*WHAT TO WORK ON*.
No image is to be carried over; reproduce the rest of the listing word for word.

**** DATA BLOCK ****

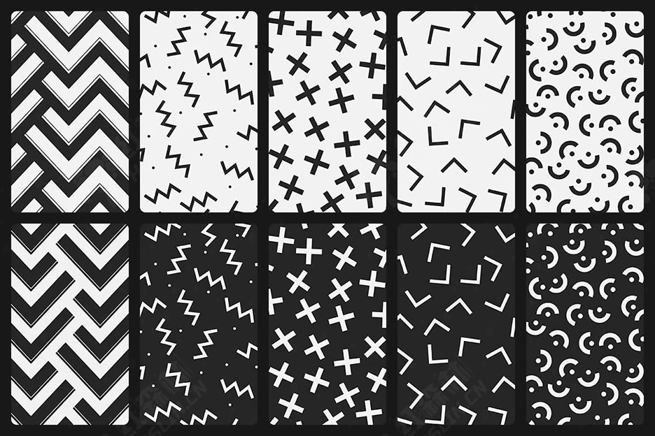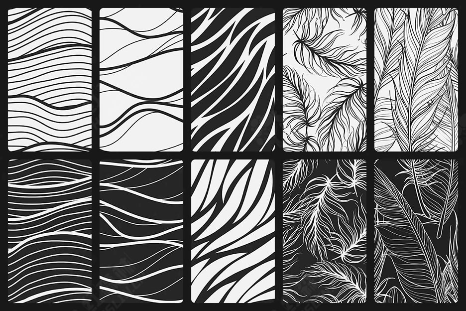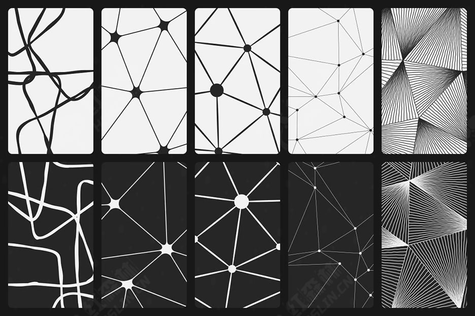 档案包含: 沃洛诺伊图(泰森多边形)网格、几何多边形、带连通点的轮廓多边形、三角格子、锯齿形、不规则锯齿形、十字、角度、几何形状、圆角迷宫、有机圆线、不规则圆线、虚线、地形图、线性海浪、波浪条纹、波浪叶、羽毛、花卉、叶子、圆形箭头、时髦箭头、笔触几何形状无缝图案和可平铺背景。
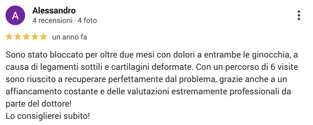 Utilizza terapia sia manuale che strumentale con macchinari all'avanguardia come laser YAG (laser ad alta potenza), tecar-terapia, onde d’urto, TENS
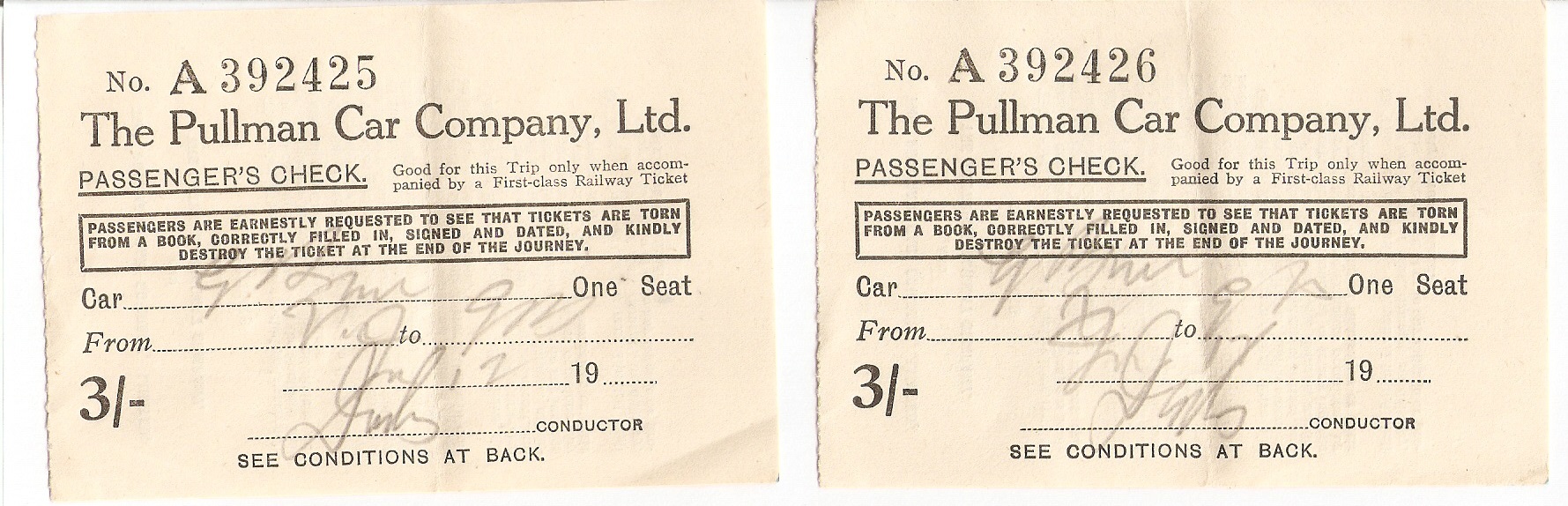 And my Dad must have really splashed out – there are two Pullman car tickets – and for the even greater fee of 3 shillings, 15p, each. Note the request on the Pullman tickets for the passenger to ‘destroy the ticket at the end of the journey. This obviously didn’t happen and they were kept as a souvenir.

****

*ANSWER*.
 档案包含: 沃洛诺伊图(泰森多边形)网格、几何多边形、带连通点的轮廓多边形、三角格子、锯齿形、不规则锯齿形、十字、角度、几何形状、圆角迷宫、有机圆线、不规则圆线、虚线、地形图、线性海浪、波浪条纹、波浪叶、羽毛、花卉、叶子、圆形箭头、时髦箭头、笔触几何形状无缝图案和可平铺背景。
 Utilizza terapia sia manuale che strumentale con macchinari all'avanguardia come laser YAG (laser ad alta potenza), tecar-terapia, onde d’urto, TENS
 And my Dad must have really splashed out – there are two Pullman car tickets – and for the even greater fee of 3 shillings, 15p, each. Note the request on the Pullman tickets for the passenger to ‘destroy the ticket at the end of the journey. This obviously didn’t happen and they were kept as a souvenir.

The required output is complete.